Assistant Manager @ Reliance Communicati
759 Points
Joined July 2008
1. Joe, Mike and Tony are the directors of Singing Stars Ltd, a company formed and
incorporated in 2010 to carry on a music recording business. Joe, Mike and Tony
each own 15% of the company’s shares with the nominal value of Rs1.00 a share.
The remaining shares are owned by 5 other shareholders who each have an 11%
holding. The company has only one class of shares and there is a provision in the
company’s articles dis-applying the statutory pre-emption rights contained in the Companies Act .

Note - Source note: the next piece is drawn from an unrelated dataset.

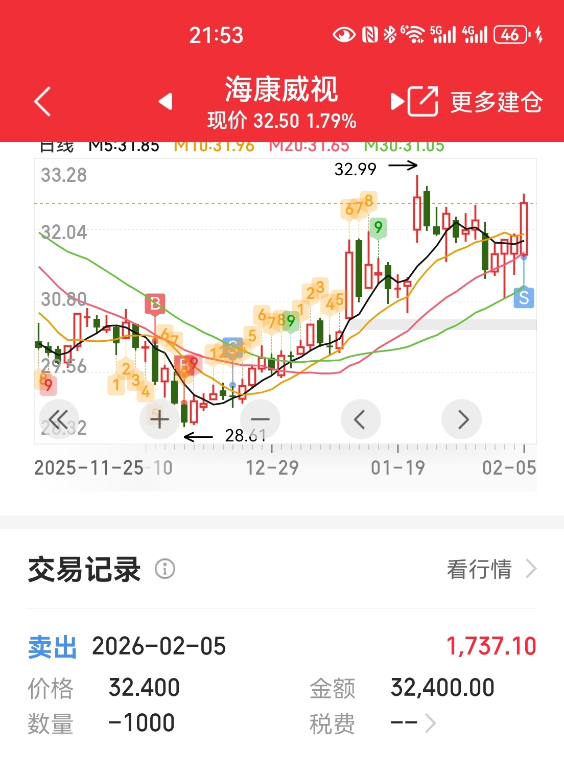 $海康威视(SZ002415)$ 今天牺牲1000股筹码,成功的把主力骗了!
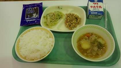 本日の献立は「ごはん、手巻きのり、チーズ納豆、ごま酢あえ、肉じゃが、牛乳」計828kcalでした。今日もとっても美味しかったです。ごちそうさまでした。

In recent months the other shareholders have grown increasingly dissatisfied with
Joe and Mike and their apparent lack of interest in the company. Tony has also
become increasingly frustrated with the situation and so is very interested when he is
approached by 4 of the other shareholders to ask his opinion about voting Joe and
Mike from the board. However Joe and Mike are told of the plot by Luke, the other
fifth shareholder, who offers to support them with his 11% of the vote and later to
help them secure a number of lucrative contracts, providing there is “something in it
for me.”
Joe and Mike suggest the following:
(a) That they issue sufficient Rs 1 shares to Luke to raise his stake to 40% to allow them to
defeat the resolution for the removal of Joe and Mike from the board.
(b) After this they will pass resolutions to remove Tony from the board and to replace him
with Luke.
(c) As an added incentive the shares will be issued to Luke for 60p each to allow for a tidy
profit.
(d) Luke has suggested that the company might accept some land which he owns as
payment for the shares.
ADVISE Tony on the legality of each of the proposed actions.